→ **Problem description**: The records below are to be copied exactly, with every picture left out.

Exercise inputs below:

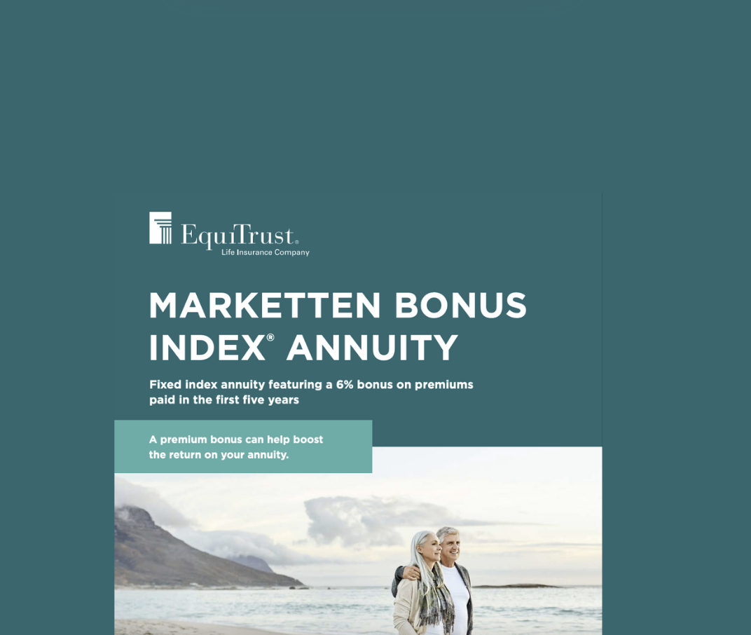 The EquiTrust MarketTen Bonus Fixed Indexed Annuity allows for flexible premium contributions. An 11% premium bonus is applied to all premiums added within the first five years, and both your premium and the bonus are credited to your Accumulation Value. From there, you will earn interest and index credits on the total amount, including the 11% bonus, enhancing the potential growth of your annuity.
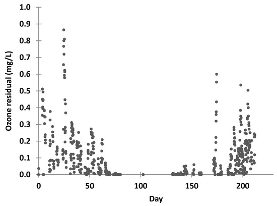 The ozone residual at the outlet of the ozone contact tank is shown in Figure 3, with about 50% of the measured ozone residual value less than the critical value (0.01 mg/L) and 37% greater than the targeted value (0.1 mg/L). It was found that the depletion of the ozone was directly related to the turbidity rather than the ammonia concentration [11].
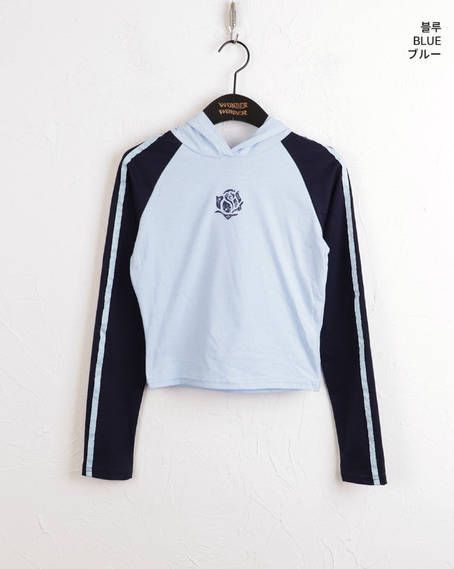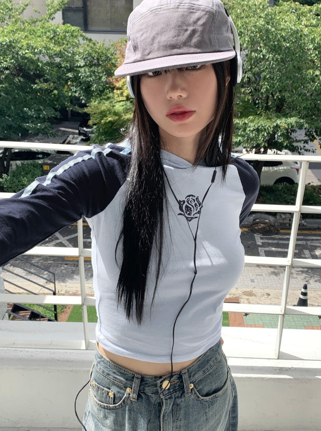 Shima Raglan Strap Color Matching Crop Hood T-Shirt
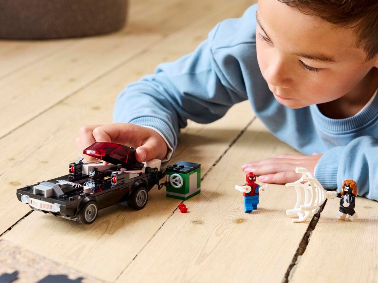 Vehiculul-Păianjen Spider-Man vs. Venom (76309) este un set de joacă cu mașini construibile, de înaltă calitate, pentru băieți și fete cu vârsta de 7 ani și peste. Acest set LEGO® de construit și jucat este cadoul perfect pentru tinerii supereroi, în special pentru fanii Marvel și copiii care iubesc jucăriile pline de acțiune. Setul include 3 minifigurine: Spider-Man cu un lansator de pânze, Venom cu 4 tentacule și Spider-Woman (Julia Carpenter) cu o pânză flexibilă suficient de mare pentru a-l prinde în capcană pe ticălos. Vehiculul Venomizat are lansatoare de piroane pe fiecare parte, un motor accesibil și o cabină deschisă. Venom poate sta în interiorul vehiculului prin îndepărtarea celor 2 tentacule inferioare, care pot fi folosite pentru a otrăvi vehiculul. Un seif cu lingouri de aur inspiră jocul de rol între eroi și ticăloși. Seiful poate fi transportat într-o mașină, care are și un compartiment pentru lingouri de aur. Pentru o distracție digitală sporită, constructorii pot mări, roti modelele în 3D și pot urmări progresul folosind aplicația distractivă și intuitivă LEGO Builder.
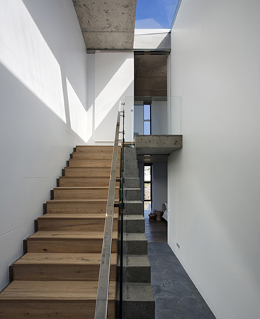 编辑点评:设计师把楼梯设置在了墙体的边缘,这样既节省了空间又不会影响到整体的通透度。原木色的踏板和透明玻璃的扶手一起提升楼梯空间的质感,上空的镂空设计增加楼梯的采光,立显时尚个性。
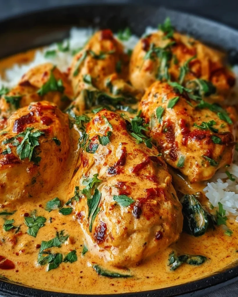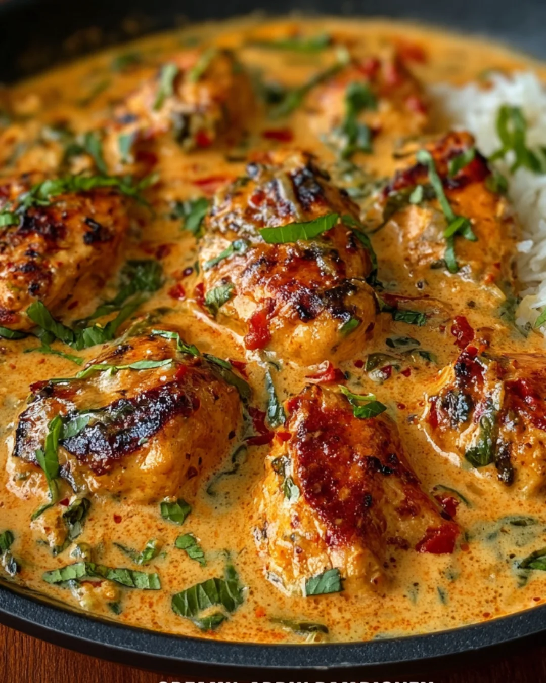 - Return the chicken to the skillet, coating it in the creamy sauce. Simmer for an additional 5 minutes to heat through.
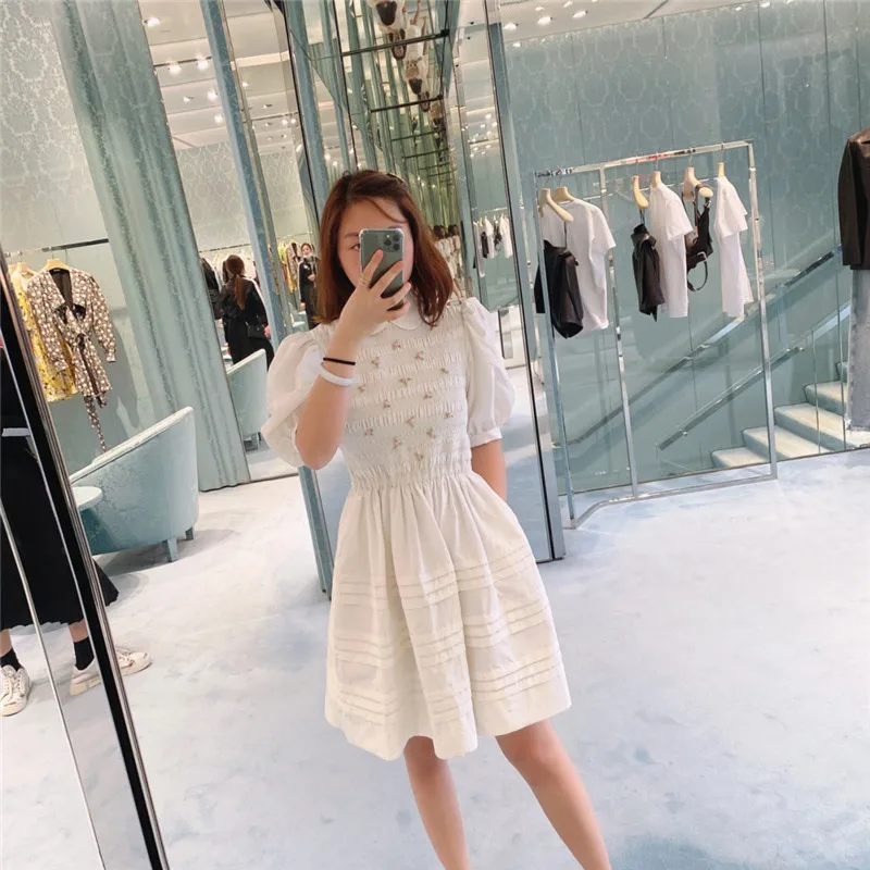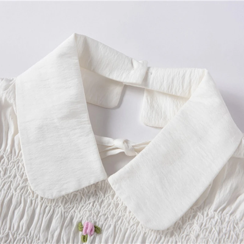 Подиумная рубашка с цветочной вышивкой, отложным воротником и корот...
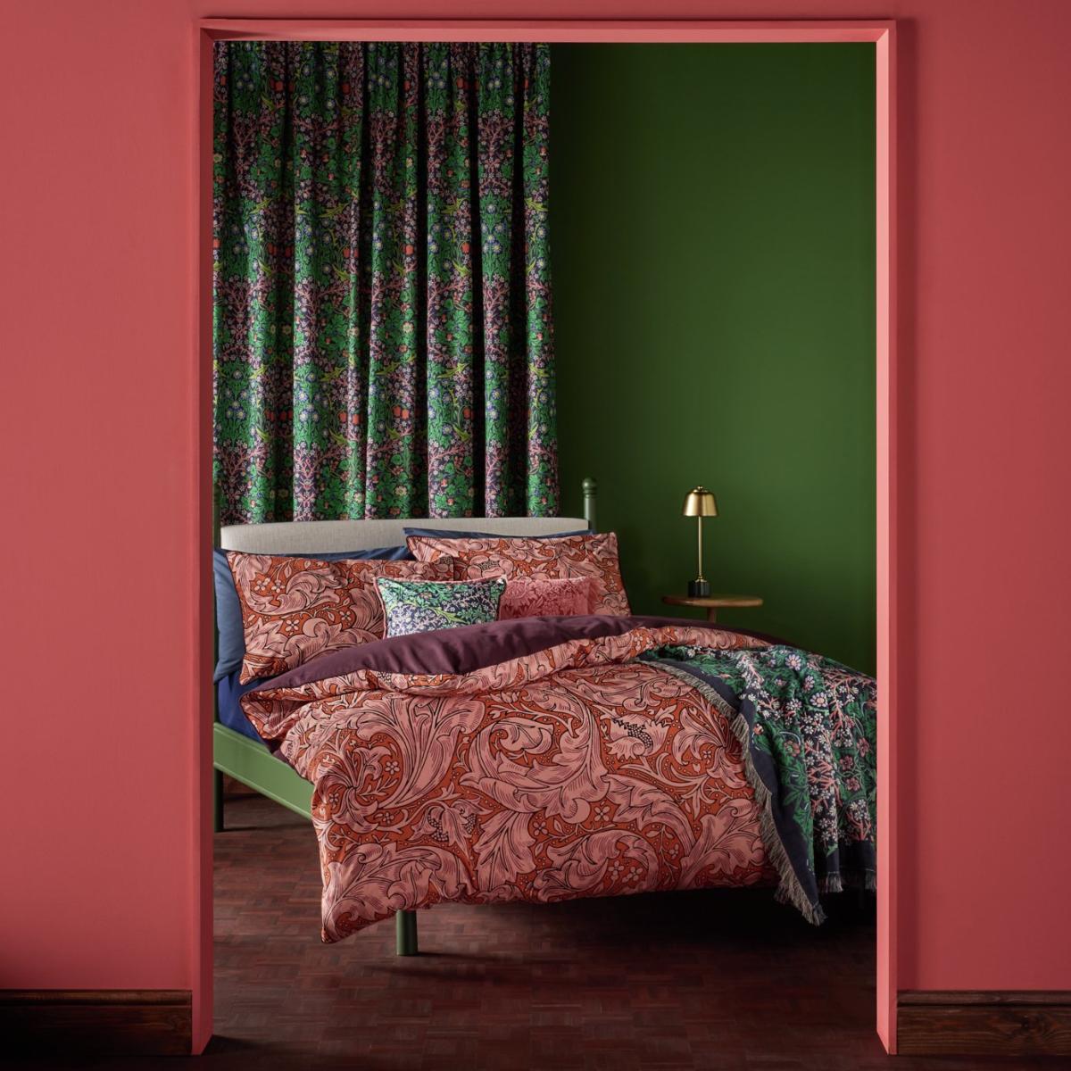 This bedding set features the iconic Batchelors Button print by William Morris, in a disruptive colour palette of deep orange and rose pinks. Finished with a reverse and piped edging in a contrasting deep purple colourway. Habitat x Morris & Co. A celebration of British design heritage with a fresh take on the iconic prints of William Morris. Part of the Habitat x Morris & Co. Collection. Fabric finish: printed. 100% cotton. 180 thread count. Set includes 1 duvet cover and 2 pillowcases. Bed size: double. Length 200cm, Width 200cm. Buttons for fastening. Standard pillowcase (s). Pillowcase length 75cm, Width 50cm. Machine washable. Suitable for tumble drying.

End of Exercise inputs.

→ **Finished exercise**:
 The EquiTrust MarketTen Bonus Fixed Indexed Annuity allows for flexible premium contributions. An 11% premium bonus is applied to all premiums added within the first five years, and both your premium and the bonus are credited to your Accumulation Value. From there, you will earn interest and index credits on the total amount, including the 11% bonus, enhancing the potential growth of your annuity.
 The ozone residual at the outlet of the ozone contact tank is shown in Figure 3, with about 50% of the measured ozone residual value less than the critical value (0.01 mg/L) and 37% greater than the targeted value (0.1 mg/L). It was found that the depletion of the ozone was directly related to the turbidity rather than the ammonia concentration [11].
 Shima Raglan Strap Color Matching Crop Hood T-Shirt
 Vehiculul-Păianjen Spider-Man vs. Venom (76309) este un set de joacă cu mașini construibile, de înaltă calitate, pentru băieți și fete cu vârsta de 7 ani și peste. Acest set LEGO® de construit și jucat este cadoul perfect pentru tinerii supereroi, în special pentru fanii Marvel și copiii care iubesc jucăriile pline de acțiune. Setul include 3 minifigurine: Spider-Man cu un lansator de pânze, Venom cu 4 tentacule și Spider-Woman (Julia Carpenter) cu o pânză flexibilă suficient de mare pentru a-l prinde în capcană pe ticălos. Vehiculul Venomizat are lansatoare de piroane pe fiecare parte, un motor accesibil și o cabină deschisă. Venom poate sta în interiorul vehiculului prin îndepărtarea celor 2 tentacule inferioare, care pot fi folosite pentru a otrăvi vehiculul. Un seif cu lingouri de aur inspiră jocul de rol între eroi și ticăloși. Seiful poate fi transportat într-o mașină, care are și un compartiment pentru lingouri de aur. Pentru o distracție digitală sporită, constructorii pot mări, roti modelele în 3D și pot urmări progresul folosind aplicația distractivă și intuitivă LEGO Builder.
 编辑点评:设计师把楼梯设置在了墙体的边缘,这样既节省了空间又不会影响到整体的通透度。原木色的踏板和透明玻璃的扶手一起提升楼梯空间的质感,上空的镂空设计增加楼梯的采光,立显时尚个性。
 - Return the chicken to the skillet, coating it in the creamy sauce. Simmer for an additional 5 minutes to heat through.
 Подиумная рубашка с цветочной вышивкой, отложным воротником и корот...
 This bedding set features the iconic Batchelors Button print by William Morris, in a disruptive colour palette of deep orange and rose pinks. Finished with a reverse and piped edging in a contrasting deep purple colourway. Habitat x Morris & Co. A celebration of British design heritage with a fresh take on the iconic prints of William Morris. Part of the Habitat x Morris & Co. Collection. Fabric finish: printed. 100% cotton. 180 thread count. Set includes 1 duvet cover and 2 pillowcases. Bed size: double. Length 200cm, Width 200cm. Buttons for fastening. Standard pillowcase (s). Pillowcase length 75cm, Width 50cm. Machine washable. Suitable for tumble drying.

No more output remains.